Appeal from an order of the Civil Court of the City of New York, Queens County (Tracy A. Catapano-Fox, J.), entered May 29, 2018. The order, insofar as appealed from, granted the branch of defendant's motion seeking to toll the accrual of no-fault statutory interest based upon plaintiff's delay in the prosecution of the action to the extent of tolling that interest from April 27, 2003 "until the [n]otice of [t]rial is duly filed."
ORDERED that the order, insofar as appealed from, is affirmed, with $25 costs.
Plaintiff commenced this action in 2002 to recover assigned first-party no-fault benefits for services allegedly rendered in 2000. The record demonstrates that issue was joined in 2003 and that plaintiff served discovery demands on March 28, 2003. By notice of motion returnable October 20, 2017, defendant moved to stay the accumulation of interest from March 13, 2003 through "the present, and up to such time as a notice of trial is validly filed with the Clerk," vacate the notice of trial and strike the matter from the trial calendar, and preclude plaintiff from obtaining further discovery. Plaintiff appeals from so much of an order of the Civil Court entered May 29, 2018 as granted the branch of defendant's motion to toll the accrual of interest to the extent of tolling interest from April 27, 2003 "until the [n]otice of [t]rial is duly filed."

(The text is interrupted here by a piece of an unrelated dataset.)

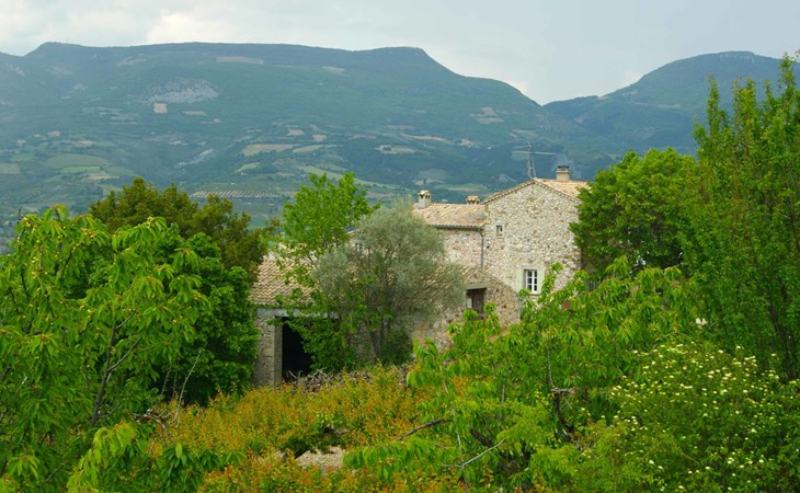 Besignan 11 km van Buis les Baronnies: Het stenen rijtjeshuis "La maison du Brun" ligt in een gehucht met 4 huizen en is omgeven door bomen. Rijtjeshuis "Du Brun", omgeven door bomen. In een gehucht met 4 huizen, buiten de plaats, 5 km van het centrum, geïsoleerde, rustige ligging, te midden van groen. Voor alleengebruik: verzorgde tuin met planten en bloemen, parkeerplaats op het terrein. Winkel 11 km, levensmiddelenwinkel 5 km, supermarkt 11 km, restaurant 5 km, bushalte "Mirabel-aux-Baronnies Mairie" 29 km, openluchtzwembad 11 km. Manege 3 km. Attracties in de buurt: Via ferrata, Mont Ventoux 50 km. Wandelgebied le Lubéron. Auto noodzakelijk. Tegenover het huis is een schuur.

Once a no-fault action has been commenced, statutory interest accumulates "unless the applicant unreasonably delays the . . . court proceeding" (11 NYCRR 65.15 [h], now 11 NYCRR 65-3.9 [d]). In this case, in which no notice of trial has been properly filed, the Civil Court commenced the toll of interest when plaintiff could have moved to compel defendant to provide discovery. Plaintiff's argument on appeal, that it was defendant which had unreasonably delayed the action by failing to serve a response to plaintiff's discovery demands, is without merit (see Vitality Chiropractic, P.C. v Countrywide Ins.,59 Misc 3d 150[A], 2018 NY Slip Op 50838[U] [App Term, 2d Dept, 2d, 11th & 13th Jud Dists 2018]; Kew Gardens Med & Rehab, P.C. v Country-Wide Ins. Co.,52 Misc 3d 143[A], 2016 NY Slip Op 51240[U] [App Term, 2d Dept, 2d, 11th & 13th Jud Dists 2016]).
Accordingly, the order, insofar as appealed from, is affirmed.
WESTON, J.P., ELLIOT and SIEGAL, JJ., concur.